Independent Market Monitor Joe Bowring asked whether IMEA could sell its rights to a third party under the proposal.
Bresler said “that level of detail is not decided yet.” He said PJM will expand the detail of the proposal and return it to the committee in March.
Members on Wednesday approved an optional scheduling product intended to reduce uneconomic power flows between PJM and MISO, similar to the Coordinated Transaction Scheduling product launched Nov. 4 with NYISO. (See NYISO Scheduling Product Wins FERC OK.)
The product would allow traders to submit bids that would clear only when the price difference between the two regions exceeds a threshold set by the bidder.
The product would operate on a joint clearing mechanism in which each party would evaluate the prices individually, and the common set would be the transactions that flow.
PJM stakeholders will have to vote on the accuracy of the product’s prices before the offering goes live.
The RTOs are expected to agree upon a common method of interface pricing by November 2016.
PJM, MISO near Agreement on M2M Language
PJM and MISO expect to file a revised Joint Operating Agreement this spring on three market-to-market rules.

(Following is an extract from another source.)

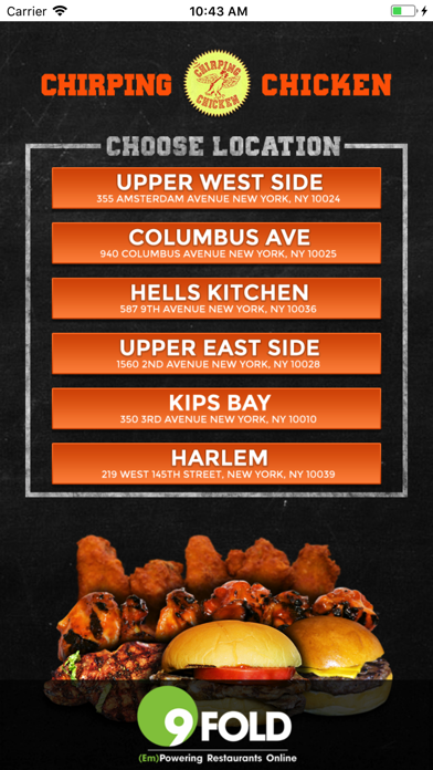 Mobile food ordering application for Chirping Chicken ->Make a choice from menu ->You want to pick it up yourself or want to get it delivered to your doorstep ->Pay by credit card or by cash ->Do you want catering service ->Pre order your food *We take orders in specific hours. Chirping Chicken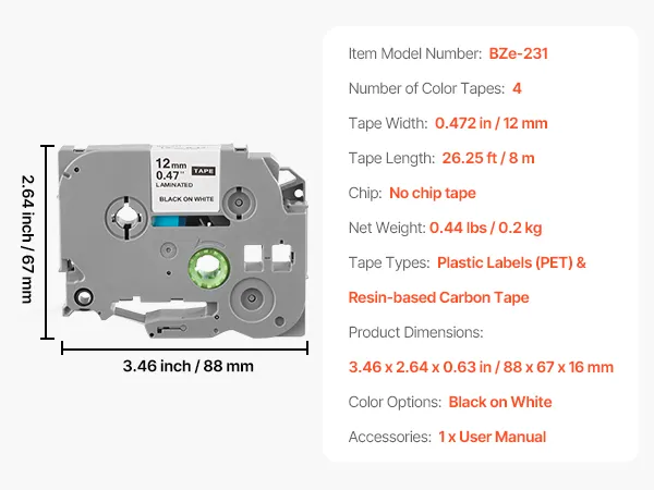 Szeroka kompatybilność: Ta czarno-biała taśma etykietowa jest kompatybilna z taśmą Brother TZe-231 i z łatwością zaspokoi wszystkie Twoje zróżnicowane potrzeby w zakresie druku. Każda rolka ma szerokość 12 mm i długość 8 m i pasuje do urządzeń Brother P-touch, takich jak PT-1230PC, PT-1280, PT-D200, PT-P400 i innych. To idealna taśma etykietowa do wszystkich potrzeb w zakresie organizacji pracy w biurze i domu.

PJM’s Asanga Perera told the MIC that the two RTOs have agreed in concept on all three issues and drafted language for one, a change to the threshold for naming flowgates. Perera said RTO officials were still “wordsmithing” provisions regarding conflicting constraint control and hold-harmless settlements for planned outages submitted after the day ahead market deadline.
The threshold for flowgates will be amended for transmission lines at 138 kV or less. The change means that 138-kV and lower elements will not be named as flowgates unless flows from the neighboring RTO amount to 35% or more of the line’s rating, up from the current 25%. The 20% threshold will remain for lines more than 138 kV.
Perera said language on the other two rule changes should be complete by the March MIC meeting. A filing with the Federal Energy Regulatory Commission is targeted for early in the second quarter.
Test Shows Highest Promised Load Reductions
Summer limited demand response produced 135% of promised load reductions in tests this year, the highest ever.
The test showed 9,668 MW of limited DR responding, 2,510 more than the commitment. However, some providers failed the test, resulting in penalties of $2.7 million, at an average penalty rate of $140/MW-day.
PJM has not actually called on DR during delivery year 2014/15.
Faulty Models Hamper Net Energy Metering Study
PJM’s attempt to track the growth of distributed solar generation is being hampered by modeling issues. In a briefing on its net energy metering quarterly review, PJM told members that the locations identified as sources of “negative energy” — net energy injections at load buses — are not where most solar PV is located.
“Usually the largest ‘injections’ are because of modeling issues on the distribution system,” PJM’s Ken Schuyler said. “We haven’t really seen a trend of negative injections because of net energy metering.”